* [Work instruction]:
For the records below, please print exactly and only the lines from the one with "Два года назад" down to the one with "-. Brand : Fun", both ends included, omitting the pictures.

======== Input data ========

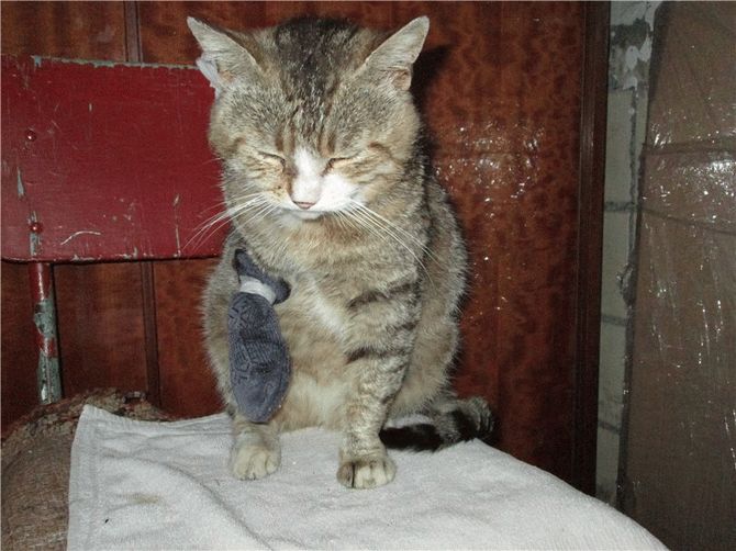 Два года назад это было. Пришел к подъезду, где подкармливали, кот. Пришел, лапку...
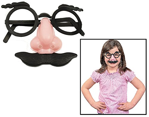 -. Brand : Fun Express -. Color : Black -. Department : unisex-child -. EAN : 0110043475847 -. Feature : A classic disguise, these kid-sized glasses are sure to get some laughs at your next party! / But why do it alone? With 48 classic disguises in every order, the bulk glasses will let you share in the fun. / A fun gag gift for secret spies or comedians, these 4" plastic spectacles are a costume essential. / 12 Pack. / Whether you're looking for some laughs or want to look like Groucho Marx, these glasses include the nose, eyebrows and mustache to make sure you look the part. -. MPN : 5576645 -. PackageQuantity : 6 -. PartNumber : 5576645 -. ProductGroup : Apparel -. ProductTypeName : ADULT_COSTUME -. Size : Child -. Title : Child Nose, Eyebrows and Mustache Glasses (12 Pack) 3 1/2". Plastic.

========
======== Input data ========

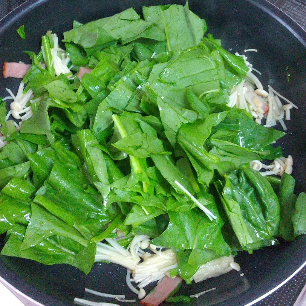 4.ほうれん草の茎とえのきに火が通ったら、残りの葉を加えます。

========

* [Task solution]:
 Два года назад это было. Пришел к подъезду, где подкармливали, кот. Пришел, лапку...
 -. Brand : Fun Express -. Color : Black -. Department : unisex-child -. EAN : 0110043475847 -. Feature : A classic disguise, these kid-sized glasses are sure to get some laughs at your next party! / But why do it alone? With 48 classic disguises in every order, the bulk glasses will let you share in the fun. / A fun gag gift for secret spies or comedians, these 4" plastic spectacles are a costume essential. / 12 Pack. / Whether you're looking for some laughs or want to look like Groucho Marx, these glasses include the nose, eyebrows and mustache to make sure you look the part. -. MPN : 5576645 -. PackageQuantity : 6 -. PartNumber : 5576645 -. ProductGroup : Apparel -. ProductTypeName : ADULT_COSTUME -. Size : Child -. Title : Child Nose, Eyebrows and Mustache Glasses (12 Pack) 3 1/2". Plastic.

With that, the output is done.